New Jersey Senators Discuss Top Lawmaker’s Psilocybin Legalization Bill In Committee

A New Jersey Senate committee held a hearing on Monday to discuss a bill that would legalize the possession, home cultivation and gifting of psilocybin mushrooms for adults 21 and older while also creating a system of licensed businesses to provide access to the psychedelic and related services in supervised settings.

The Senate Health, Human Services and Senior Citizens Committee took up the legislation from Senate President Nicholas Scutari (D)—hearing testimony from experts and people whose lives have been directly impacted by psychedelics—about a year after the measure was originally filed.

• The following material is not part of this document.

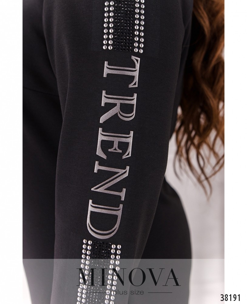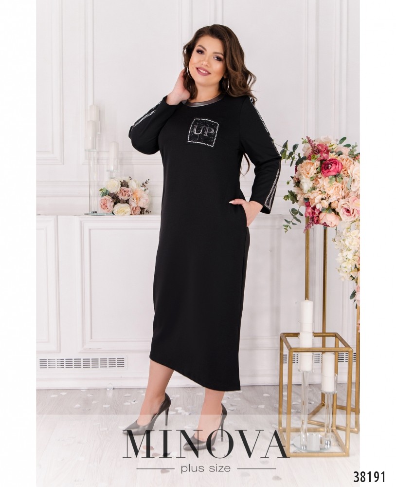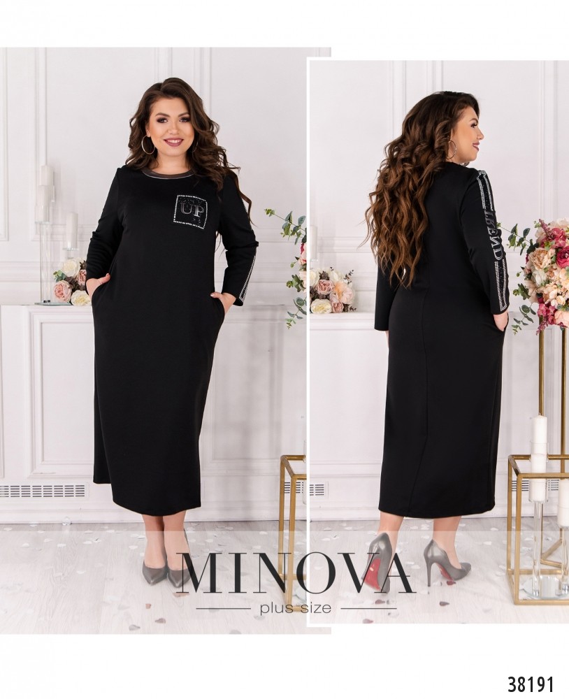 Оригинальное платье большого размера, украшено на рукавах и накладном кармане на груди стразами и декоративной нашивкой, на груди вытачки, по бокам - врезные карманы, застёжек нет. Вырез горловины оторочен контрастной лентой. Рукава без манжет.

Scutari said in opening remarks that the proposal addresses an “important topic that has gained national attention” in light of studies showing the “medical efficacy and benefits of psilocybin.”

He said that he’s “looking forward to working with members of the legislature on certainly making amendments [and] improvements, as a result of some of this important testimony,” adding that he hopes the work of the committee will help “craft legislation that eventually will make psilocybin available in a legal fashion here in New Jersey.”

“I’m very thankful for you taking this moment in time to address an important topic to so many New Jerseyans struggling with certain issues—addiction, mental health [and] the like,” he said, suggesting that the measure may ultimately be amended to more narrowly focus on providing a therapeutic regulatory framework for access to the psychedelic.

Frederick Barret, a professor at Johns Hopkins University’s Center for Psychedelics Research and Psilocybin Therapy, was among those who testified on Monday, explaining how psychedelic-assisted therapy works and outlining some of the findings from initial research.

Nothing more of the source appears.